The subject aims at introducing Chinese traditional theatre represented by the oldest Kun and Peking Operas, as well as those relatively young genres such as the Cantonese and Shanghai Opera. Other performing arts on stage will be also introduced to correct inaccurate, biased views of Chinese traditional theatre and other performing arts that students may have. The study and appreciation of Chinese traditional theatre and performing will provide significant help to students in their understanding of the richness and beauty of Chinese culture.

 

[5] Policy and Management

AF2602 Global Economic Environment

This subject aims to provide students with an overview of global business environment, and to develop students’ ability to identify and analyze those aspects of the domestic and global business environment that set the ‘parameters of choice’ within which business organizations set objectives and take actions.

 

CC4151 / CC4151P Chinese Cultural Policy and Heritage Management

This course aims to offer an in-depth understanding of the factors and mechanism of cultural policy formulation on the one hand and problems, constraints and prospects of cultural heritage conservation in China on the other. Definitions, characteristics, historical background, international trends in heritage preservations, development models and prospects for both cultural policies and the cultural industry in present-day China will be studied, as will factors influencing cultural policies and the impact of policy environment on the development of cultural industry.

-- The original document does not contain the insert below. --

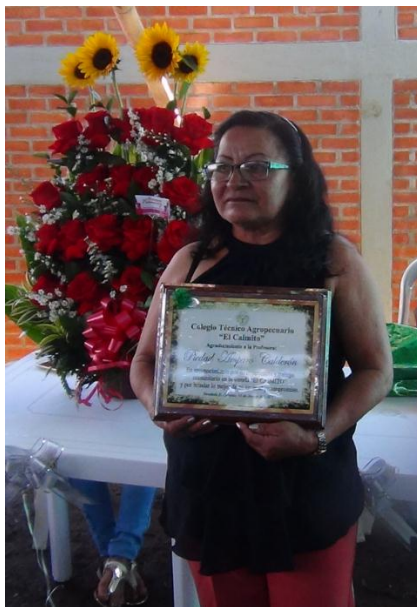
Fotografía 9 Evento de reconocimiento a la maestra por su trabajo popular y comunitario. Fuente: Juan Manuel Diago. 2017

A ella se le reconoció por tres décadas de entrega total a la misión tan importante de educar teniendo en cuenta las realidades de sus estudiantes y de la comunidad, por tener esa capacidad de dialogar y de democratizar la toma de decisiones con el objetivo de fortalecer la unidad y el trabajo comunitario, por promover el empoderamiento de la comunidad en situaciones difíciles y de gran tensión social pero que al final logran transformar a beneficio común y por sus aportes en la construcción de los planes de vida individuales y comunitarios siempre apuntando hacia la armonía y el equilibrio con la madre tierra,

Recent development of cultural heritage conservation and management in China within the context of rapid economic growth and marketization will be examined. Policy, management system, financing and operating models of cultural heritage conservation, as well as commercialization of cultural heritage will be looked into.

 

HTM3251 Tourism and Chinese Culture

This subject takes a cultural studies perspective and aims at introducing students to issues relating to the exploitation of culture and heritage for tourism and recreation. The causes and consequences of tourism in globalization and culture change are discussed with references to and implications for traditional Chinese culture. The subject will take both macro and micro perspectives. The macro perspective addresses the broad contexts of cultural tourism and tourism culture within which cultural consumption occurs in a leisure-oriented society. This encompasses commoditization in the cultural industries, authenticity in tourist experience, and tourism as experiential learning. The micro perspective deals with the phenomena and diversities of cultural tourism experience. With instances from China tourism and/or Chinese culture, this section will focus on the spectrum of cultural tourism attractions in respect to the planning, marketing and management in cultural tourism product development.